* **Description of the task**
Would you transcribe the records below exactly, omitting every picture?
··· Records to use ···
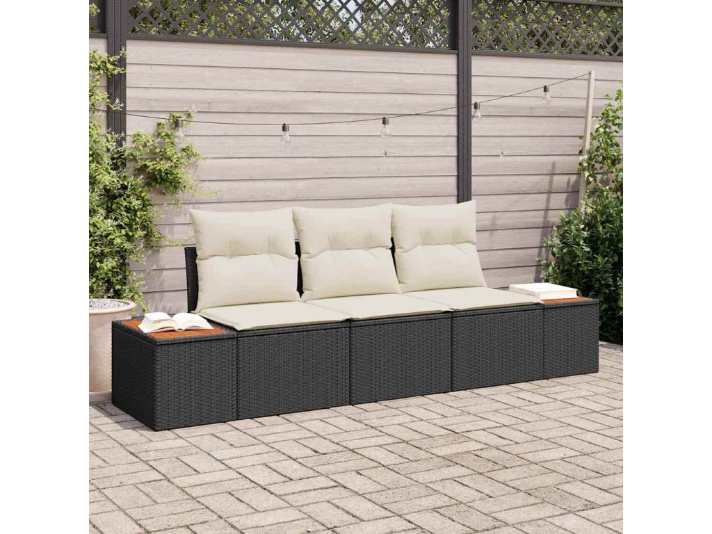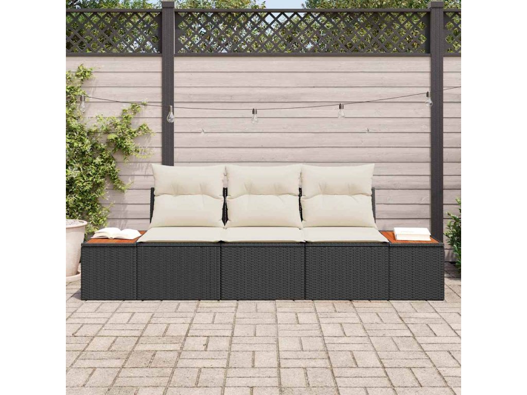 Sada zahradních pohovek s polštářem 3 pcs Černá polyratan 3348013
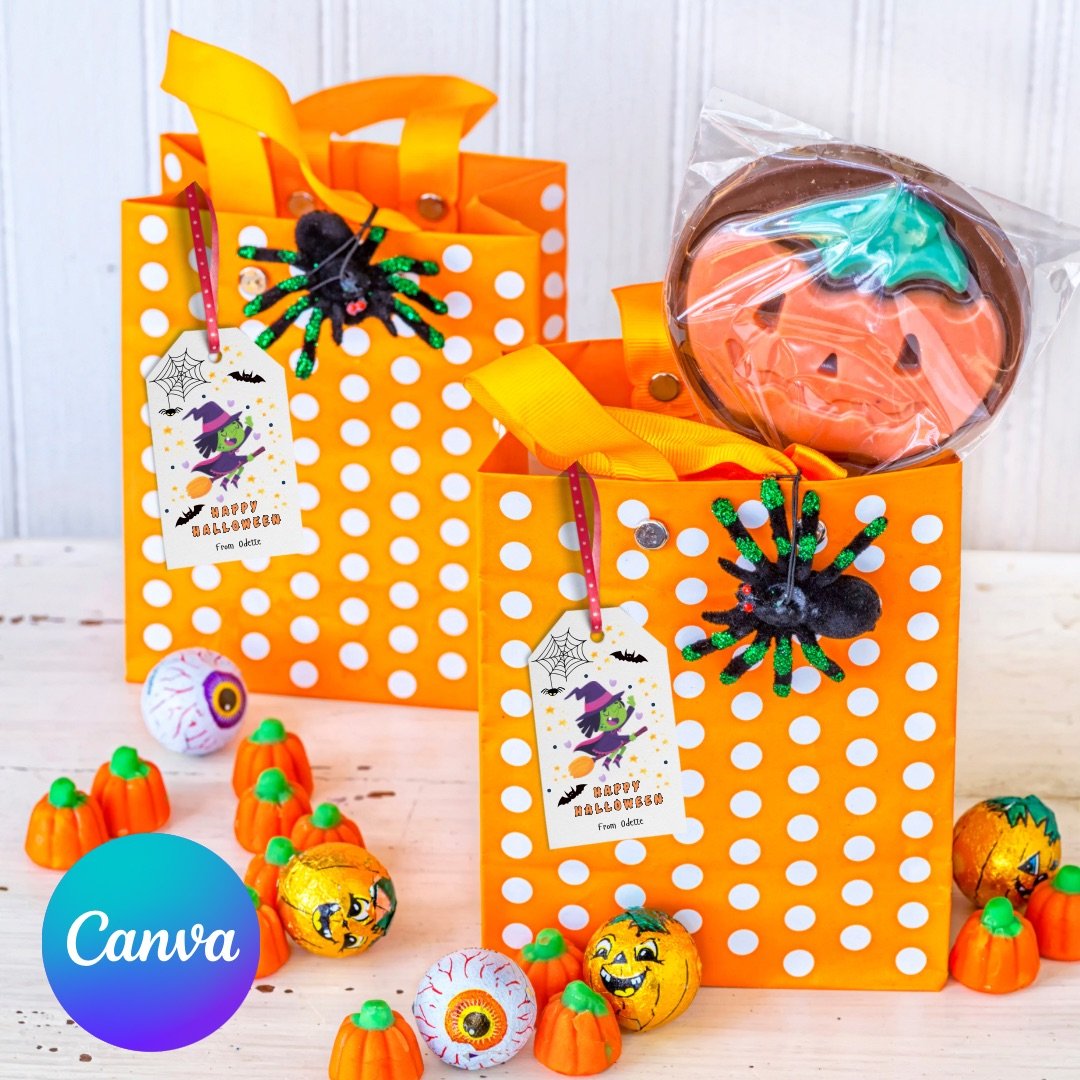Halloween Candy Tags | Editable 2x3.5 Inch Tags | Printable Trick or Treat Labels | Customizable Canva Template
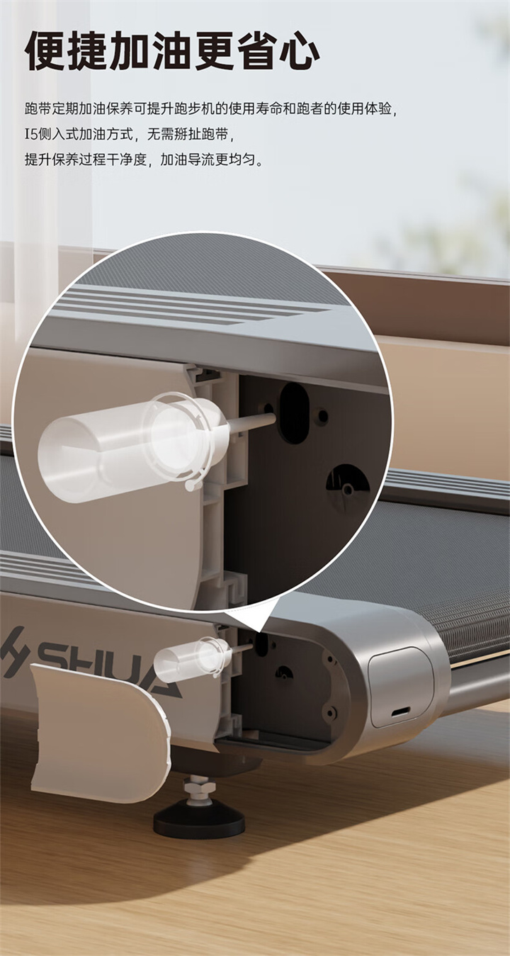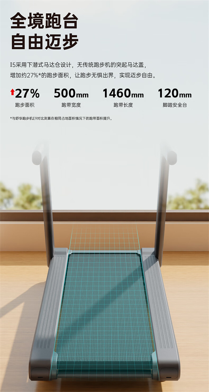 舒华家用跑步机SH-T5100持续马力达1.25HP,具有500×1350mm的跑台,运用无线心率接收模块监测心率,运用6位硅胶减震设计,最大承重是126kg,可以满足大多数家庭的使用。
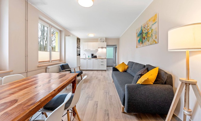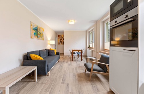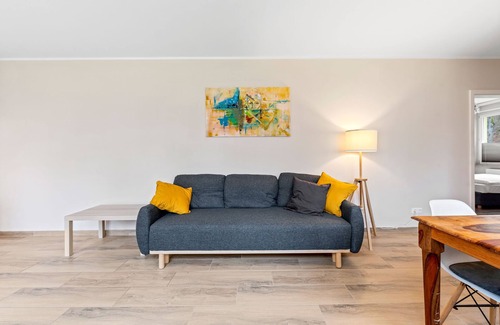 Comfortable double beds await you in the holiday apartment. A fully equipped, elegant kitchenette and a living room with a comfortable couch, perfect for cozy evenings. The modern shower bathroom is ideal for refreshment.
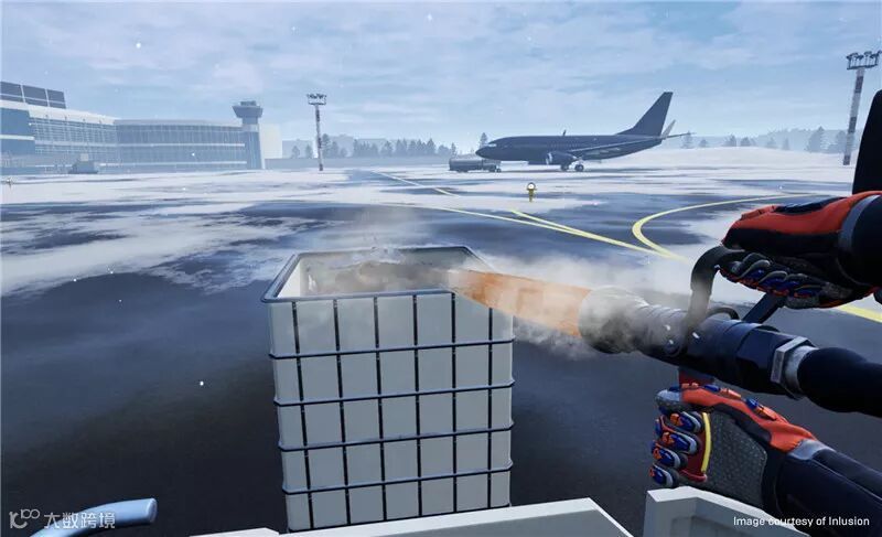 除冰和防冰程序是VR中航空维修培训的另外一课。这些程序要求机组人员向飞机上喷洒特定数量的液体化学物质,用一只手举起起重机,同时用另一只手喷洒。除了精度之外,速度也是一个因素,因为这个过程通常是在飞机接近起飞时间时进行的,必须要求快速和精准!
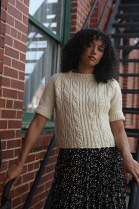 French 75 is worked seamlessly from the bottom up and shaped along raglan seams. It features lovely, elegant cables and a few special details to give it a delicate, vintage vibe. If substituting yarn, choose a worsted weight fiber in a classic wool or wool blend for a similar look. Pattern shown worn with 5"/12.75cm of positive ease, but works with a more fitted silhouette as well. Notes are included to alter length, width, sleeves, and neckline if desired.
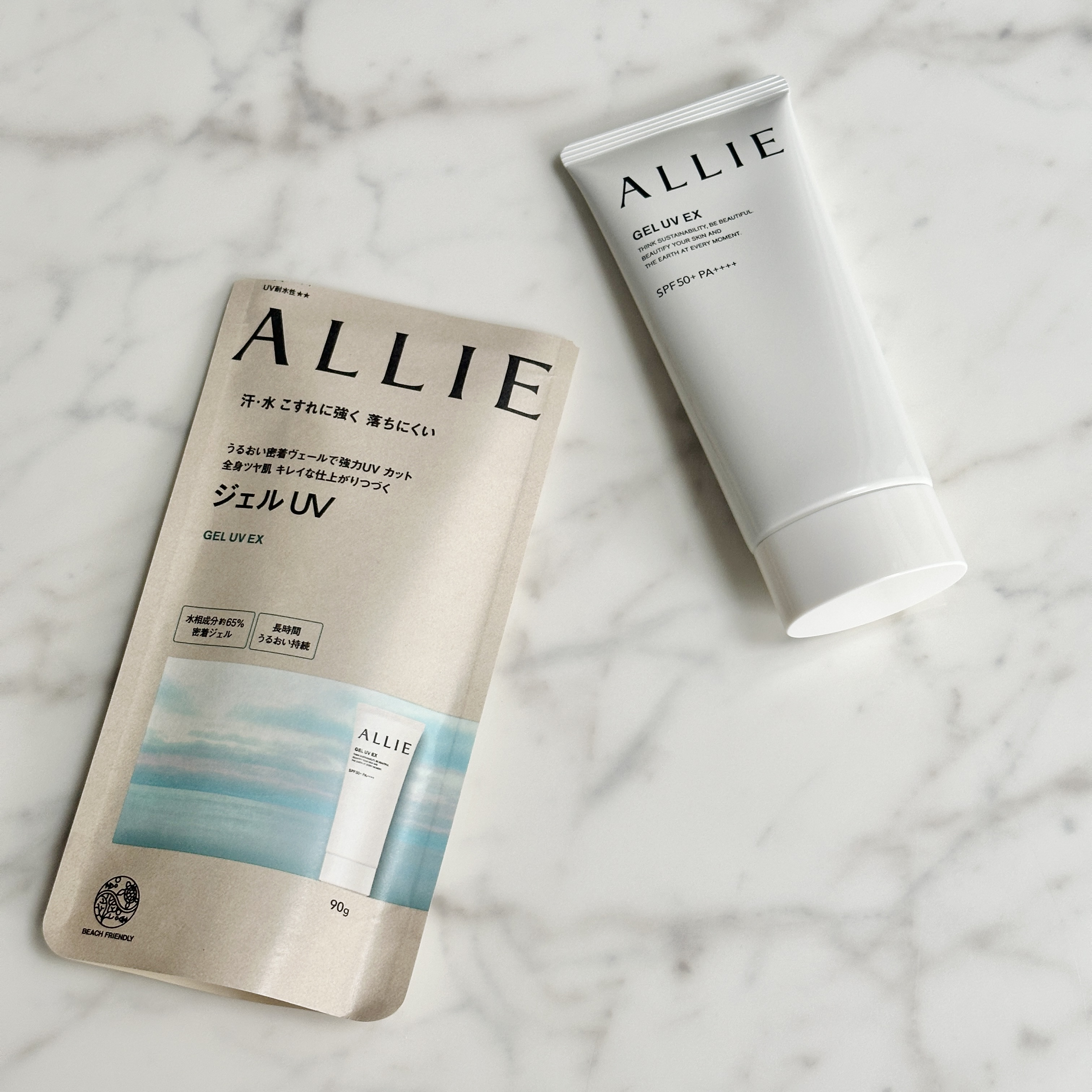 - 世界を想う 美しさつづく*1 日やけ止め おでかけには、落ちにくく、気持ちいい感触がつづく日やけ止めを。 一部の国・地域・ビーチの規制に配慮した設計のビーチフレンドリー処方。 汗・水・こすれにも強く、ベタつかずうるおう仕上がりが持続するジェル UV ●一部の国・地域・ビーチの規制に配慮した設計の「ビーチフレンドリー処方」 ●SPF50+・PA++++ ●汗・水 こすれに強く落ちにくい フリクションプルーフ・スーパーウォータープルーフ ●ベタつきにくい感触がつづく ●うるおい感のある肌仕上がりがつづく ●環境に配慮した素材を使用したパッケージ採用 ●美容液成分(保湿)ヒアルロン酸Na配合 ●顔・からだ用 ●洗顔料・ボディーソープで落とせる ●マスク・タオル等につきにくい ●化粧下地効果 ●無香料・無着色 ●チリ・ほこり・PM2.5・花粉等の微粒子汚れの付着を防ぐ*2 *1 スキンケア効果またはメイクアップ効果による肌仕上がりのこと *2 チリ・ほこり・PM2.5・花粉等すべての微粒子汚れの付着を防ぐわけではありません <限定セットA:セット内容> ・アリィー クロノビューティ ジェルUV EX 90g ・アリィー クロノビューティ ラスティングプライマーUV 5g ※セット商品の成分につきましては各商品ページでご確認ください。
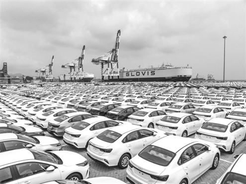 9月12日,在山东港口烟台港汽车码头,大批出口商品车等待装船发运(无人机照片)。中国汽车工业协会发布汽车产销数据:8月,我国汽车出口40.8万辆,环比增长3.9%,同比增长32.1%;1至8月,汽车出口294.1万辆,同比增长61.9%。◎新华社发
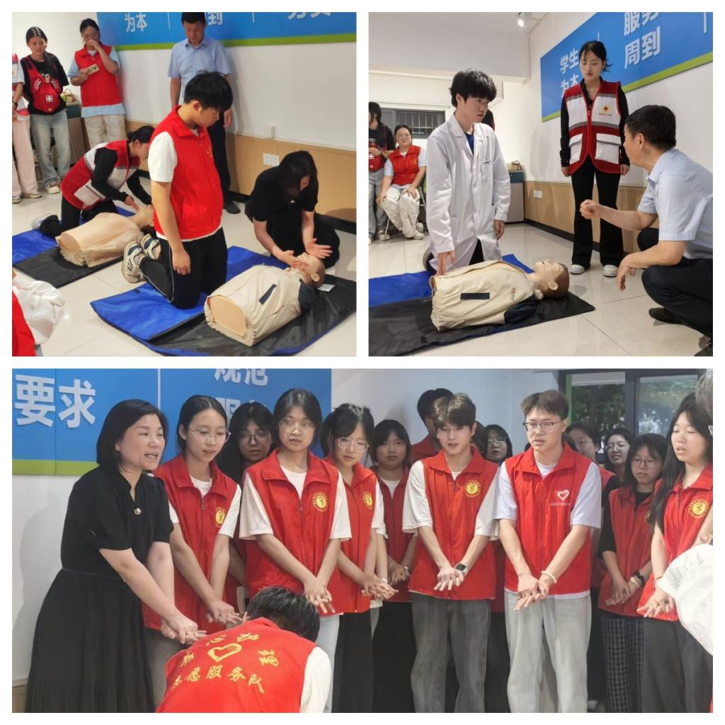 “孝心护理”实践团队以“赓续红色血脉,练‘救’真实本领”为主题,开展了急救知识宣讲与演练活动,并将思政元素融入生命教育。“双带头人强国行”教师党支部书记田樱通过理论讲解、现场演示、实操训练等方式,系统教授心肺复苏、海姆立克急救法等应急救护技术,将原本晦涩的急救理论转化为易于掌握的实践指南,学生分组操作人体模型,掌握关键要领。学生詹成瑞说:“学习急救知识既是主动掌握守护生命的宝贵技能,更是传承红色精神、践行服务人民根本宗旨的生动体现。”
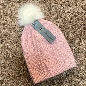 Light mauve/pink NWT toque by Hot Paws. Size 7-14 years. White faux fur pom pom. Soft and warm!
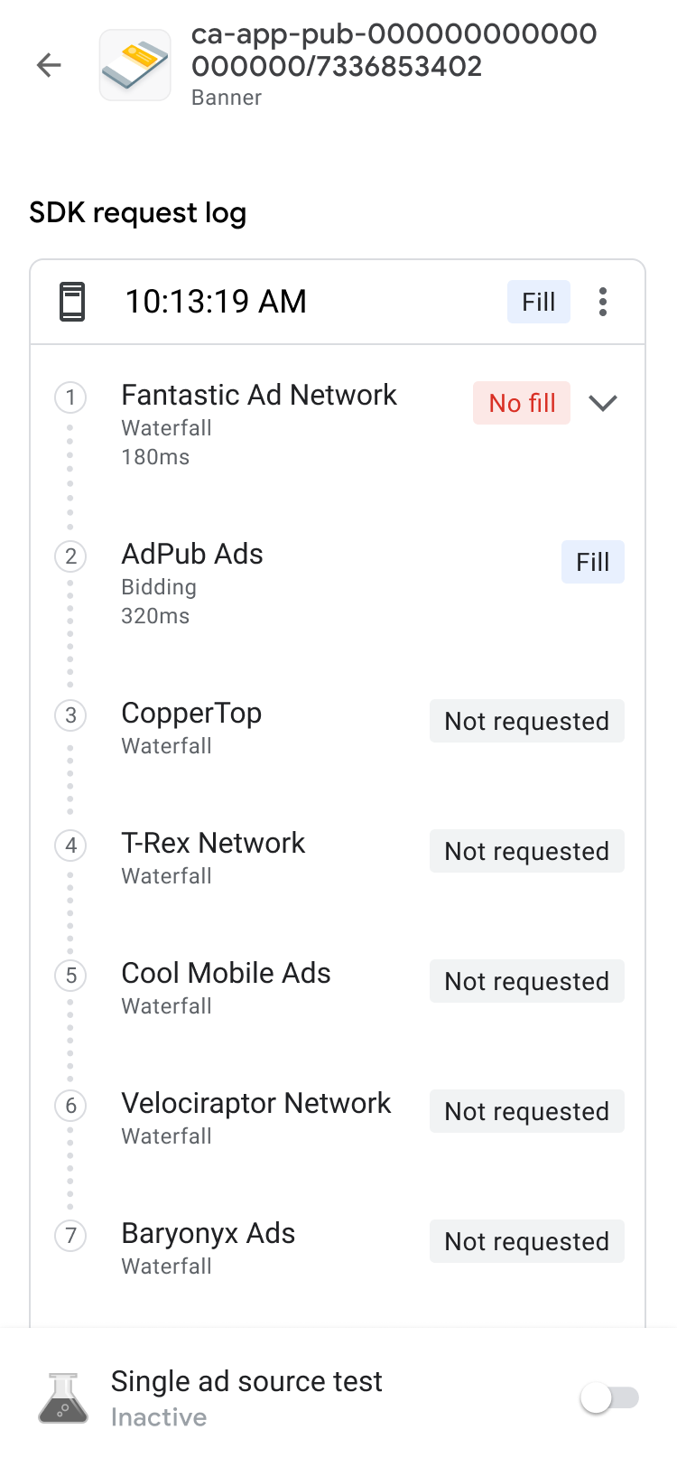 Tippen Sie auf dem Tab Anzeigenblöcke auf einen Anzeigenblock, um das SDK-Anfrageprotokoll aufzurufen. Im SDK-Anfrageprotokoll finden Sie Details zur Vermittlungsabfolge ab der Anzeigenanfrage, z. B. wann die Anzeige ausgeliefert wurde, welche Anzeigenquelle sie ausgeliefert hat oder ob die Vermittlungsabfolge ohne Auslieferung beendet wurde.
···
* **Response below**
 Sada zahradních pohovek s polštářem 3 pcs Černá polyratan 3348013
Halloween Candy Tags | Editable 2x3.5 Inch Tags | Printable Trick or Treat Labels | Customizable Canva Template
 舒华家用跑步机SH-T5100持续马力达1.25HP,具有500×1350mm的跑台,运用无线心率接收模块监测心率,运用6位硅胶减震设计,最大承重是126kg,可以满足大多数家庭的使用。
 Comfortable double beds await you in the holiday apartment. A fully equipped, elegant kitchenette and a living room with a comfortable couch, perfect for cozy evenings. The modern shower bathroom is ideal for refreshment.
 除冰和防冰程序是VR中航空维修培训的另外一课。这些程序要求机组人员向飞机上喷洒特定数量的液体化学物质,用一只手举起起重机,同时用另一只手喷洒。除了精度之外,速度也是一个因素,因为这个过程通常是在飞机接近起飞时间时进行的,必须要求快速和精准!
 French 75 is worked seamlessly from the bottom up and shaped along raglan seams. It features lovely, elegant cables and a few special details to give it a delicate, vintage vibe. If substituting yarn, choose a worsted weight fiber in a classic wool or wool blend for a similar look. Pattern shown worn with 5"/12.75cm of positive ease, but works with a more fitted silhouette as well. Notes are included to alter length, width, sleeves, and neckline if desired.
 - 世界を想う 美しさつづく*1 日やけ止め おでかけには、落ちにくく、気持ちいい感触がつづく日やけ止めを。 一部の国・地域・ビーチの規制に配慮した設計のビーチフレンドリー処方。 汗・水・こすれにも強く、ベタつかずうるおう仕上がりが持続するジェル UV ●一部の国・地域・ビーチの規制に配慮した設計の「ビーチフレンドリー処方」 ●SPF50+・PA++++ ●汗・水 こすれに強く落ちにくい フリクションプルーフ・スーパーウォータープルーフ ●ベタつきにくい感触がつづく ●うるおい感のある肌仕上がりがつづく ●環境に配慮した素材を使用したパッケージ採用 ●美容液成分(保湿)ヒアルロン酸Na配合 ●顔・からだ用 ●洗顔料・ボディーソープで落とせる ●マスク・タオル等につきにくい ●化粧下地効果 ●無香料・無着色 ●チリ・ほこり・PM2.5・花粉等の微粒子汚れの付着を防ぐ*2 *1 スキンケア効果またはメイクアップ効果による肌仕上がりのこと *2 チリ・ほこり・PM2.5・花粉等すべての微粒子汚れの付着を防ぐわけではありません <限定セットA:セット内容> ・アリィー クロノビューティ ジェルUV EX 90g ・アリィー クロノビューティ ラスティングプライマーUV 5g ※セット商品の成分につきましては各商品ページでご確認ください。
 9月12日,在山东港口烟台港汽车码头,大批出口商品车等待装船发运(无人机照片)。中国汽车工业协会发布汽车产销数据:8月,我国汽车出口40.8万辆,环比增长3.9%,同比增长32.1%;1至8月,汽车出口294.1万辆,同比增长61.9%。◎新华社发
 “孝心护理”实践团队以“赓续红色血脉,练‘救’真实本领”为主题,开展了急救知识宣讲与演练活动,并将思政元素融入生命教育。“双带头人强国行”教师党支部书记田樱通过理论讲解、现场演示、实操训练等方式,系统教授心肺复苏、海姆立克急救法等应急救护技术,将原本晦涩的急救理论转化为易于掌握的实践指南,学生分组操作人体模型,掌握关键要领。学生詹成瑞说:“学习急救知识既是主动掌握守护生命的宝贵技能,更是传承红色精神、践行服务人民根本宗旨的生动体现。”
 Light mauve/pink NWT toque by Hot Paws. Size 7-14 years. White faux fur pom pom. Soft and warm!
 Tippen Sie auf dem Tab Anzeigenblöcke auf einen Anzeigenblock, um das SDK-Anfrageprotokoll aufzurufen. Im SDK-Anfrageprotokoll finden Sie Details zur Vermittlungsabfolge ab der Anzeigenanfrage, z. B. wann die Anzeige ausgeliefert wurde, welche Anzeigenquelle sie ausgeliefert hat oder ob die Vermittlungsabfolge ohne Auslieferung beendet wurde.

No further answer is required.